Thats my definiton of a brownian motion:
1) $W(0) =0$ and for all $t > 0$ is W(t) normal distributed with mean 0 and variance t.
2) For all $0<s<t$ is $W(t)-W(s)$ independent of $\lbrace W(u) \rbrace_{0 \leq u\leq s}$.
3) $W(t)-W(s)$ have the same distribution as $W(t-s)$
4) $t \mapsto W(t)$ sind (P-)a.s. continuous.
I don't understand a part of the proof of the wiener's theorem. It is written that if $W$ is a gaussian process with $W(0)=0$ and for all $0 \leq s \leq t$ $E[|W(t)-W(s)|^2= t-s$, than $W$ is a brownian motion.

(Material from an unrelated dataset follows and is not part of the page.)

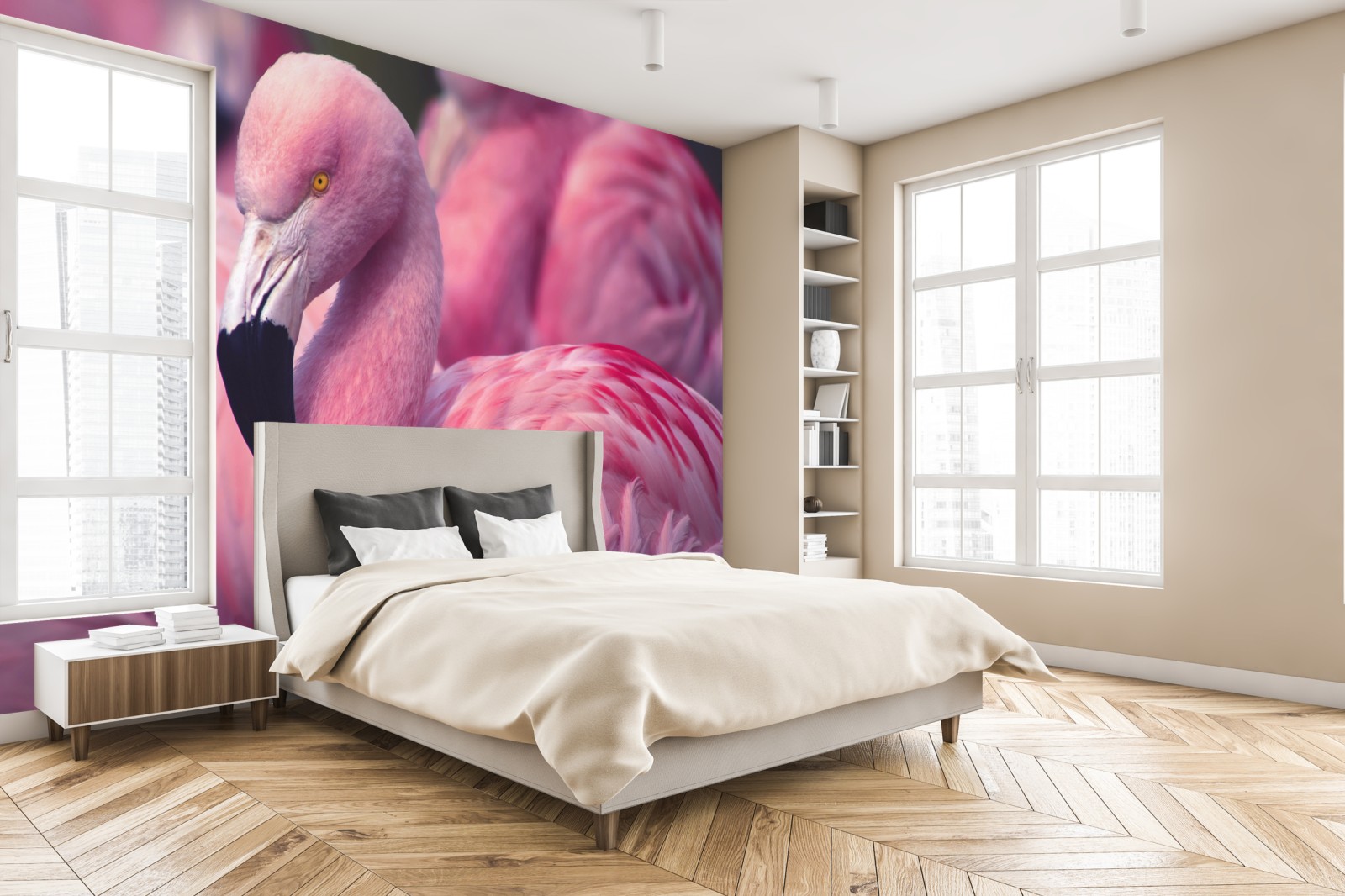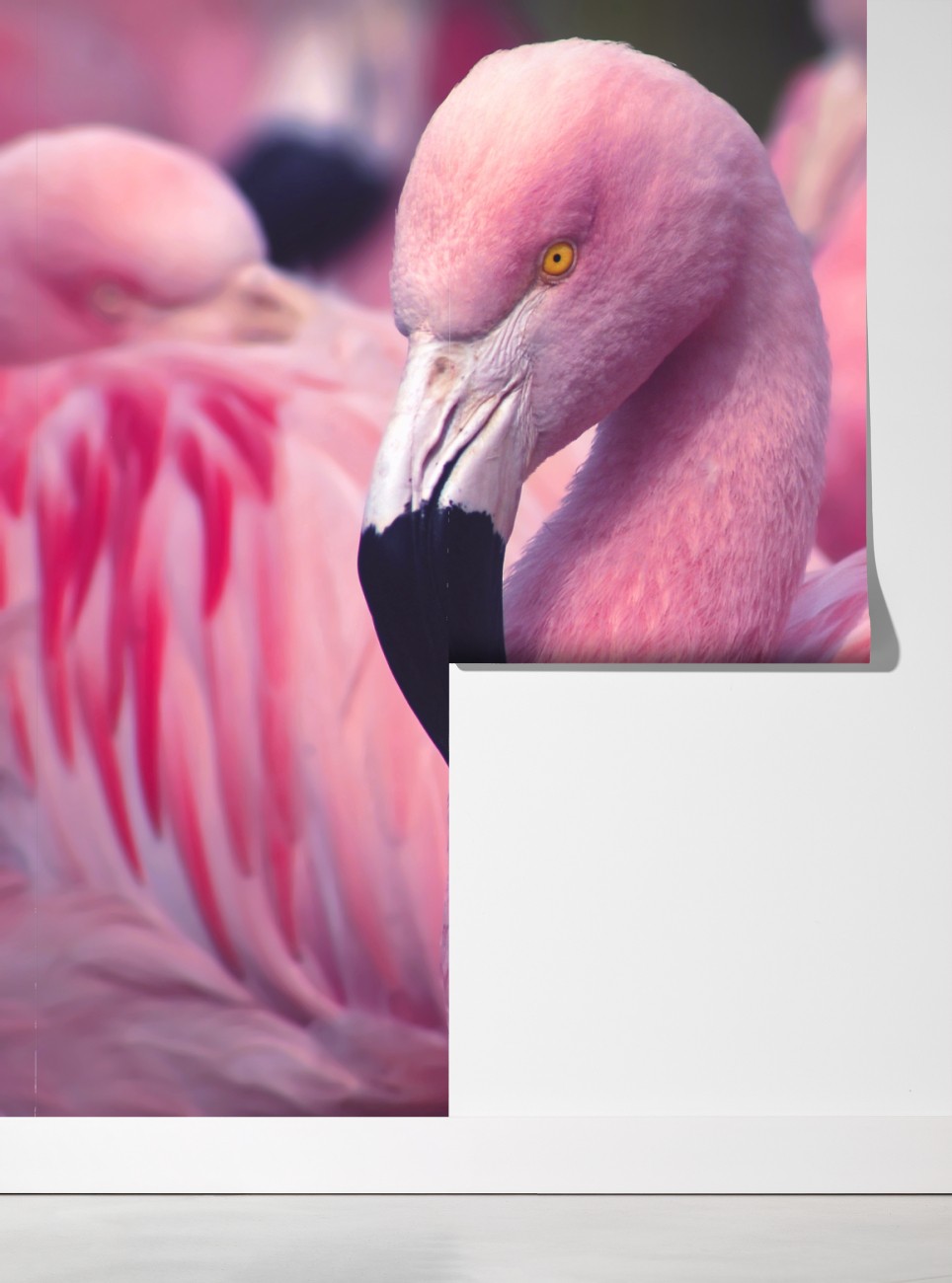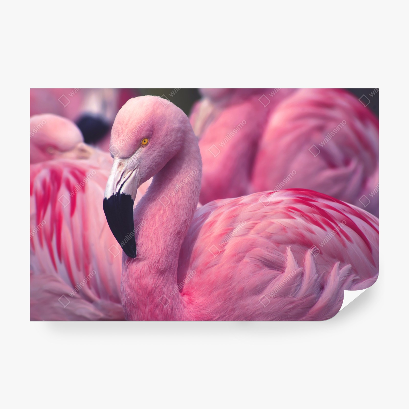 Nahaufnahme eines rosa Flamingos mit detaillierten Federn und eleganter Haltung, ideal um jedem Raum tropische Farbe und Charme zu verleihen.

The part where I struggle is 3) all the other parts are fine and already proofed. I know from 1) that $W(t)$ is a gaussian process with mean 0 and variance t. If $W(t)-W(s)$ is a gaussian process then it is clear that
$E[W(t)-W(s)]=0$ and $Var[W(t)-W(s)]=E[|W(t)-W(s)|^2= t-s$
and my work is done. But it isn't clear that $W(t)-W(s)$ is a gaussian process, is it?